Why The Housing Market is NOT Crashing Anytime Soon: Bubble-myth Busted!

The housing market is not going to crash anytime soon. New data from Freddie Mac shows a steadily increasing change to how long people are staying in their homes which is restricting the number of potential homes that might otherwise be purchased. The impending doom of a housing bubble bursting is not a likely scenario as long as people are staying in place and not transacting their homes.

There are a lot of people forecasting a bubble exploding in real estate, but they have been saying this for a year and it hasn’t happened. There is still a significant home shortage of about 1.6M housing units in the US and hedge funds and institutional buyers have been buying residential investment properties in large numbers.

Here is some info from the Freddie Mac study.

Existing Homeowners and Their Impact on the Housing Market

The housing market is primarily supplied by homeowners who sell their homes. They have been staying in place and this has caused a housing shortage.

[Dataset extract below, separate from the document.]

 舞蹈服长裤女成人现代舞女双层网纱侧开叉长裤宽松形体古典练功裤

Before the housing market crash in 2007, the average length of time someone lived in a home was about 5 years. As of May 2021, we have reached the historic high of 10.6 years! The fact that house buying power has increased this spring by approximately $7K when considering rising wages and low interest rates, does not seem to make a difference to homeowners that are staying put.

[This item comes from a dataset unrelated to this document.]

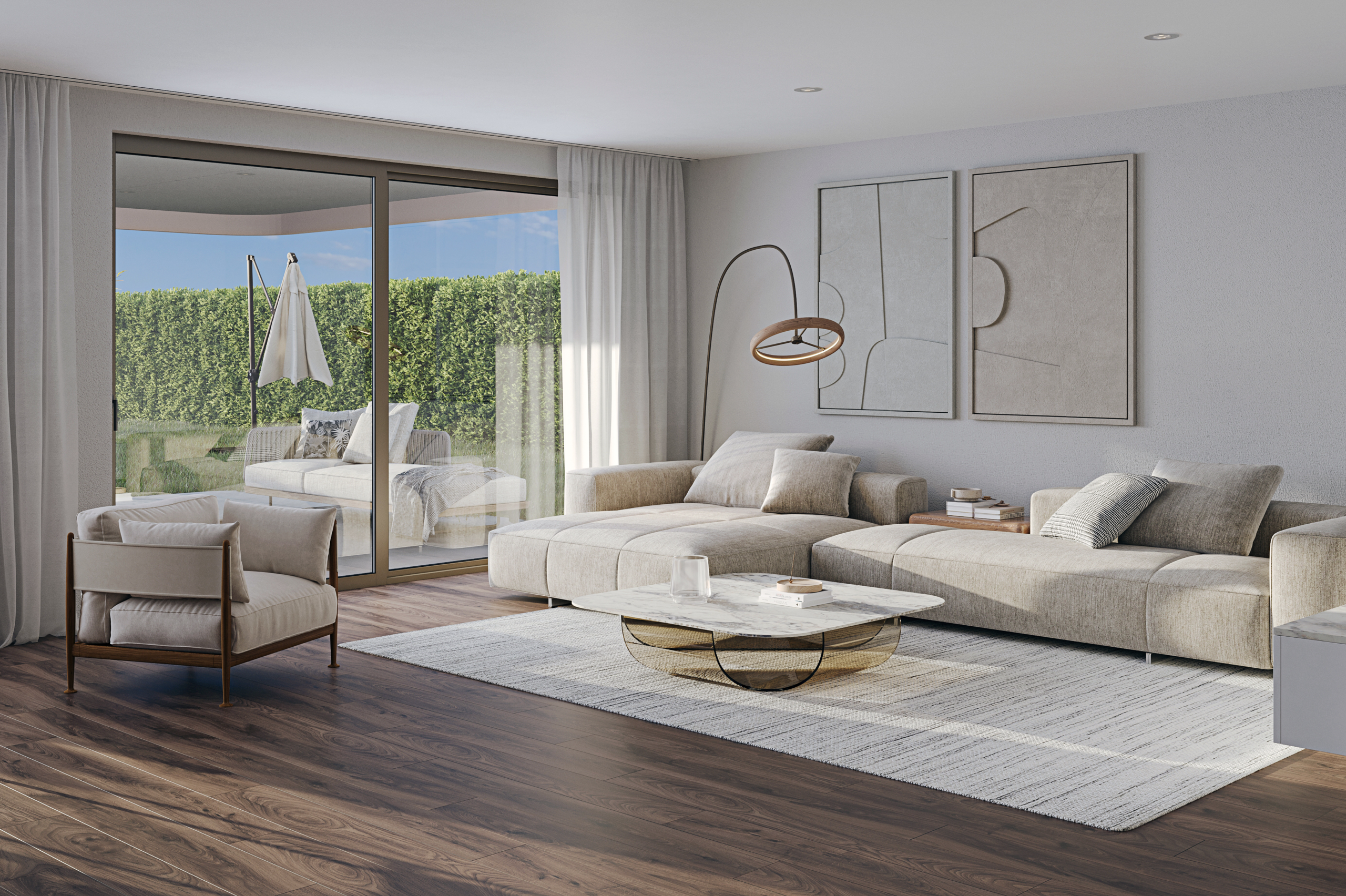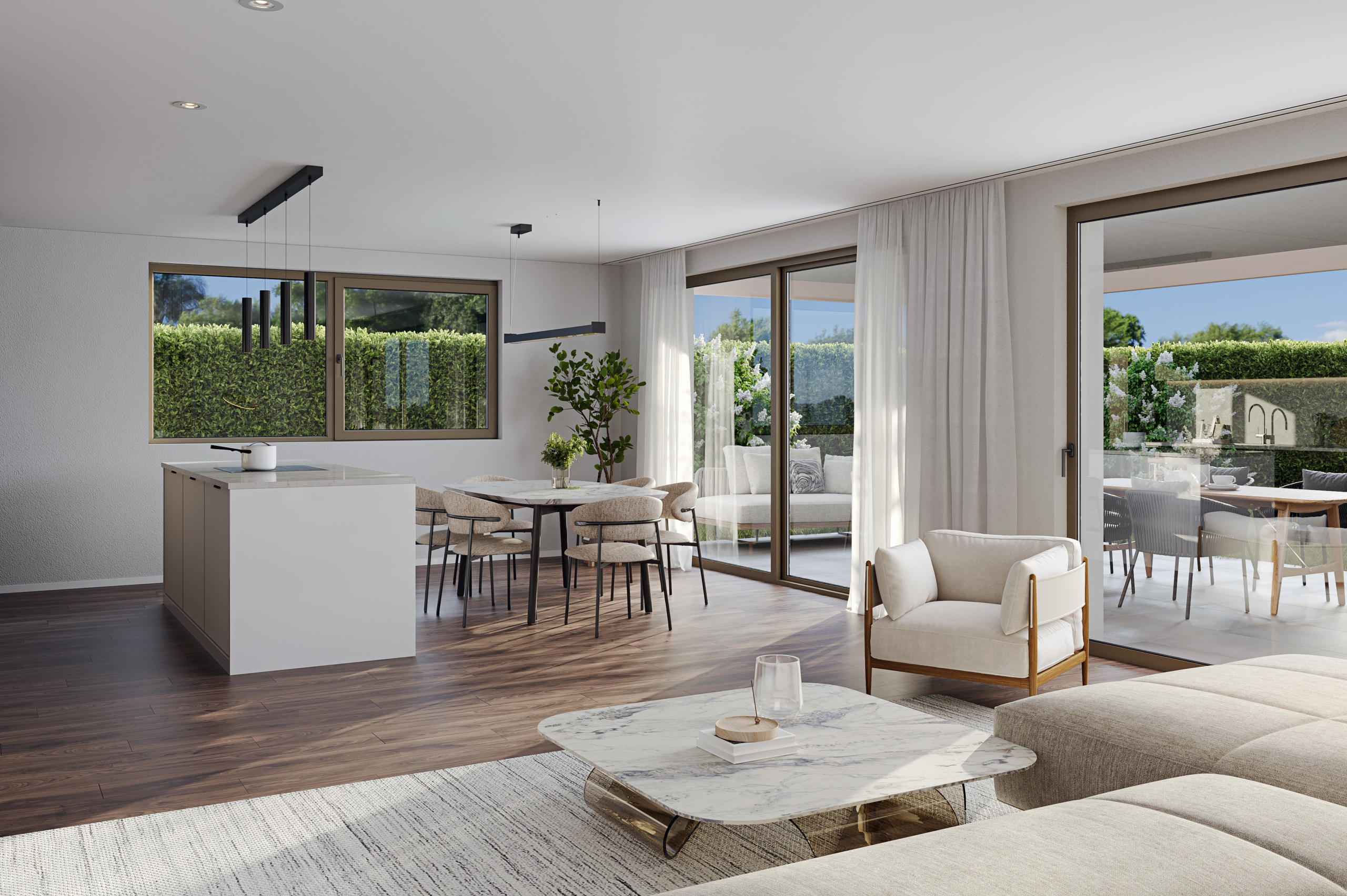 Ein gemeinsam genutzter Gartenbereich stärkt das nachbarschaftliche Zusammenleben und bildet die grüne Verlängerung des Wohnraums.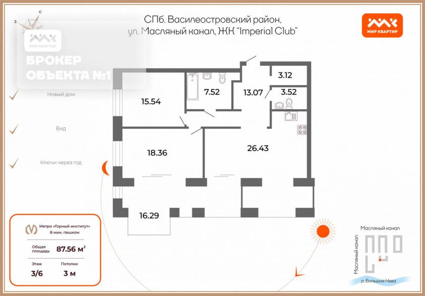 Арт. 126469851 В продаже видовая евро3 квартира в топовом проекте от Сетла - Imperial Club.

People are choosing to stay in place for a variety of reasons, but one reason that has not been talked about much is the baby boomers choosing to age in place rather than downsizing and adding homes to the housing supply.

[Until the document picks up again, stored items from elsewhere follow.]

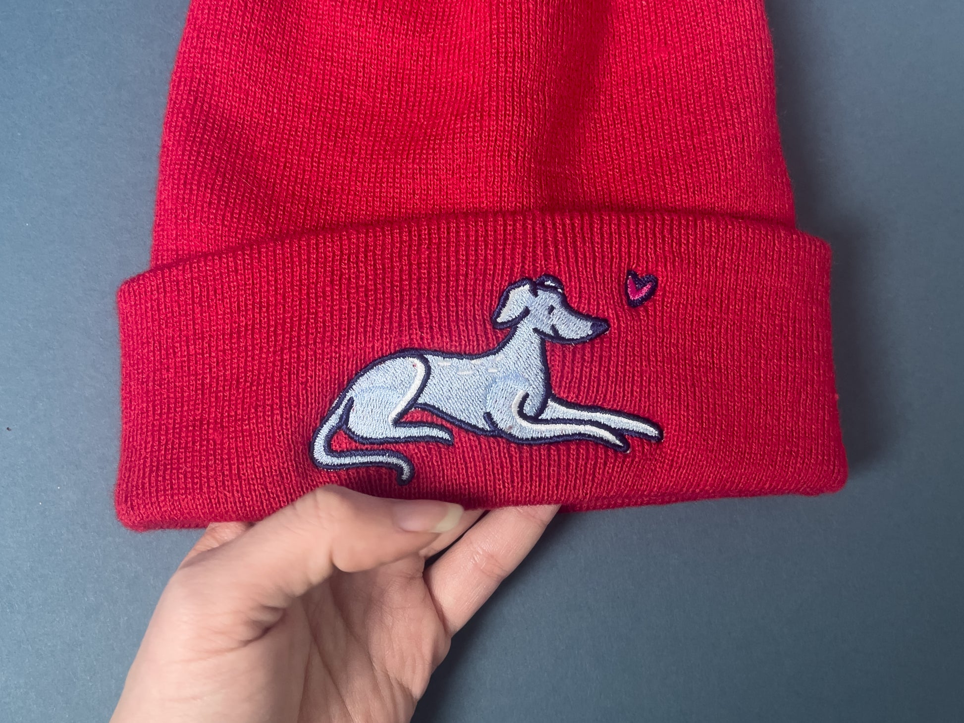 These super soft embroidered beanies feature a sweet sighthound laying down with a little heart above his head. The burgundy hat features a pale pink dog. The grey and red hats have a pale blue dog.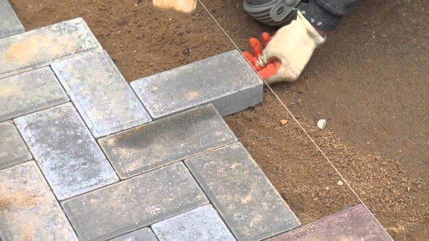 - кладка ведется методом от себя. Т.е., выполняя работы, мастер движется по уже уложенной дорожке, чтобы не повредить утрамбованное и выровненное основание;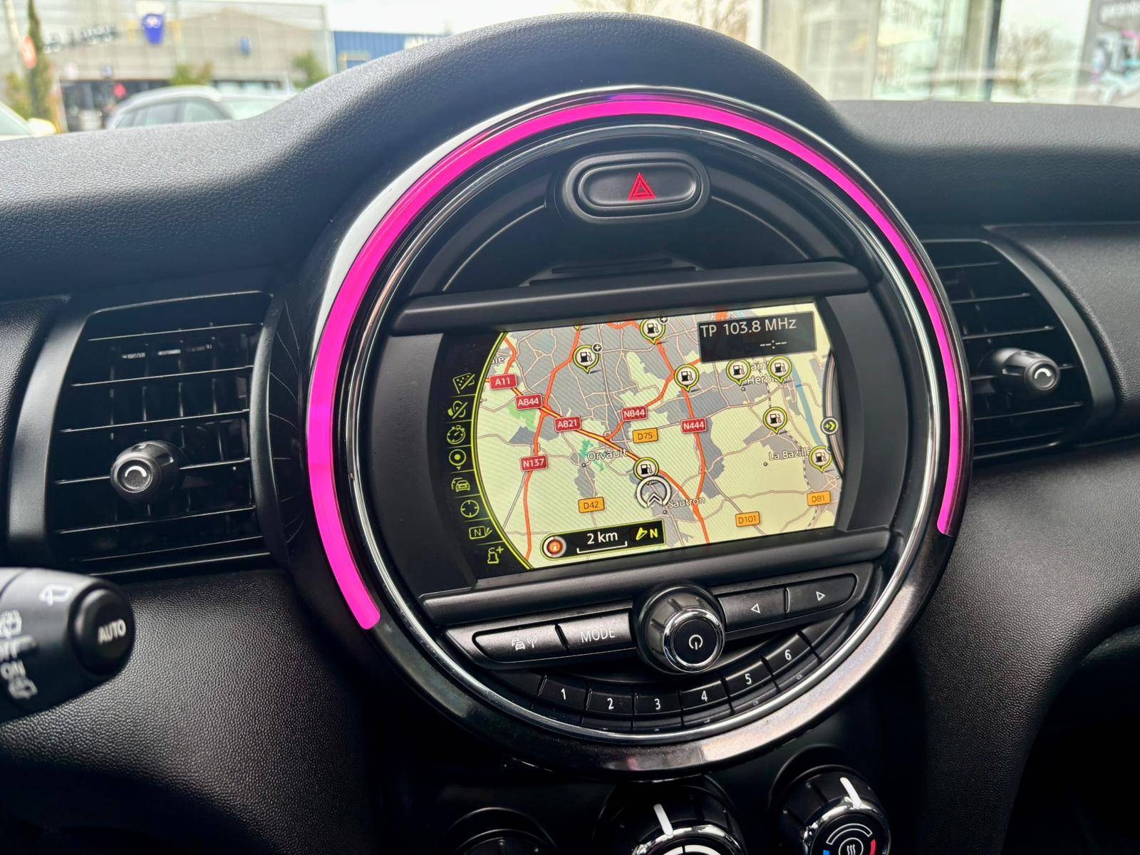 Equipements supplémentaires : 2 HP et 2 woofers, 2eme cle radiocommandee, 3eme feu de stop, 4 Appuis-tetes reglables en hauteur, ABS, y compris assistance au freinage d'urgence et controle de freinage en courbe, Airbags de tete, Airbags frontaux pour conducteur et passager AV, Airbags lateraux AV, integres au dossier de siege AV, Anti-demarrage electronique, Autoradio MINI AM/FM: avec prises AUX-IN et port USB, ecran 4 lignes, Baguettes de seuil de porte avec inscription de la motorisation facon metallique, Banquette AR 3 places rabattable, Becquet AR de toit, Boite manuelle 6 rapports, Buses d'aeration cerclees de chrome, Buses de lave-glace et retroviseurs exterieurs degivrants, Calandre au contour chrome avec lamelles noires, Ciel de pavillon Satellite Grey, Colour Line Carbon Black, Controle Dynamique de stabilite DSC avec DTC et EDLC, Coques de retroviseurs exterieures noires, Crash Sensor activation automatique en cas d'accident: deverrouillage des portes, eclairage, Feux de stop dynamiques, Filtre a particules, Fonction profile: import/export des donnees et reglages vehicule, Fonction securite pieton avec capot actif, Freins a disques AV et AR ventiles a l'AV, Indicateur de pressions des 4 pneus et avertisseur automatique en cas de perte de pression d'au, Isofix sur les 2 sieges AR, Kit de reparation de pneus, Leve-vitres electriques AV avec commande a impulsion et protection anti-pincement, Leve-vitres electriques AV et AR avec commande a impulsion a l'AV et protection anti-pincement, MINI Mobility System, Ordinateur de bord multifonctions, Ouies laterales noires avec repetiteurs de clignotants orange integres, Ouverture et fermeture a distance des vitres et du TOE si equipe, Pare-chocs AV/AR dans la couleur de la carrosserie, Poignee d'ouverture de coffre teinte noir, Poignees de portes chromees, Poignees interieures de portes chromees, Porte-boissons AV (x2), Pretentionneurs de ceintures AV, Prise 12V sous la console centrale, Projecteurs AV et feux AR au contour chrome, Reglage electrique de la portee des projecteurs, Retroviseurs exterieurs a reglage electrique, Siege conducteur reglable en hauteur, Sortie d'echappement simple cote gauche, Surveillance de l'eclairage exterieur, Surveillance de la pression des pneumatiques, Systeme de maintenance intelligent Condition Based Service (CBS), Teinte d'habitacle Carbon Black, Toit couleur carrosserie, Trappe a carburant cote droit, Triangle de presignalisation avec kit de premiers secours, Verrouillage automatique des portes des 16 Km/h, Verrouillage centralise des portes, du coffre et de la trappe a carburant, Vitre AR chauffante avec essuie-glace, Volant 2 branches.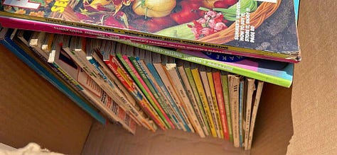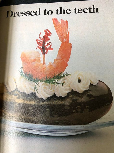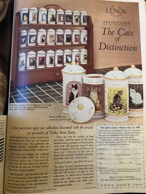 Around the same time, Facebook Marketplace showed a listing for a free box of magazines dating back from 1976 to 1993. Score! Looking through those magazines was like taking a trip with Mary McFly in Doc Brown’s DeLorean. I remember the Lenox spice jar collections (like the ones on the right image above, featuring cats), but I didn’t remember the hamster-ball-baby-toy, or the recipe that used dill pickles, shrimp, and whatever the white stuff is. Cream cheese? Cool whip? It was the 80s, so anything’s possible.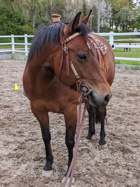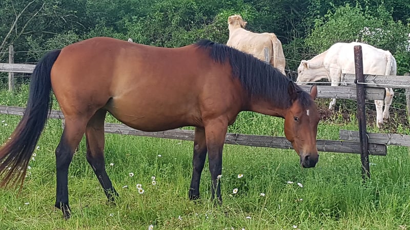 Ich suche aus absolutem Zeitmangel für mein Herzenspferd ein 5 Sterne Zuhause. Sie war noch nie krank, ist korrekt gebaut und hat ein gutes Papier, weshalb ich mir sie auch zur Zucht sehr gut vorstellen kann. Sie ist kräftig gebaut, sehr sozial in der Herde und auch zu anderen Hoftieren einfach nur lieb. Ich bin sie seit 1,5 Jahren aus Zeitmangel nicht geritten und man merkt ihr mittlerweile an, dass sie sich nach Beschäftigung sehnt. Sie ist, auch aufgrund ihres aktuellen Trainingszustandes, kein Anfängerpferd, da sie sich sich sehr an ihrem Menschen orientiert und bei entsprechender Führung auch ohne zu fragen überall mit ihm hin geht. Sie ist nie schlecht gelaunt und sehr menschenbezogen. Wer nochmal etwas Arbeit investiert, bekommt ein feines, unkompliziertes Pferd mit traumhaftem Charakter. Ich gebe sie nur an Bestplatz ab, Sie könnte auch bei mir stehen bleiben.

“Analysis of the 2020 ASEC data reveals that the homeownership rate actually increased for baby boomers in 2020. While a 2019 study from Freddie Mac shows that if seniors and adults born between 1931-1959 behaved like earlier generations, they would have released nearly 1.6 million additional housing units to the market by 2018. As seniors continue to choose to age in place, there will be fewer existing homes available for sale.“

The fact that there is money looking for homes to buy is clear, however, if there are insufficient homes to buy, the housing market is unlikely to suffer a downturn. Millennials are at the age where the are ready, willing and able to purchase homes, interest rates are low, incomes are rising, and the economy is continuing to improve. These are all factors that support the current market.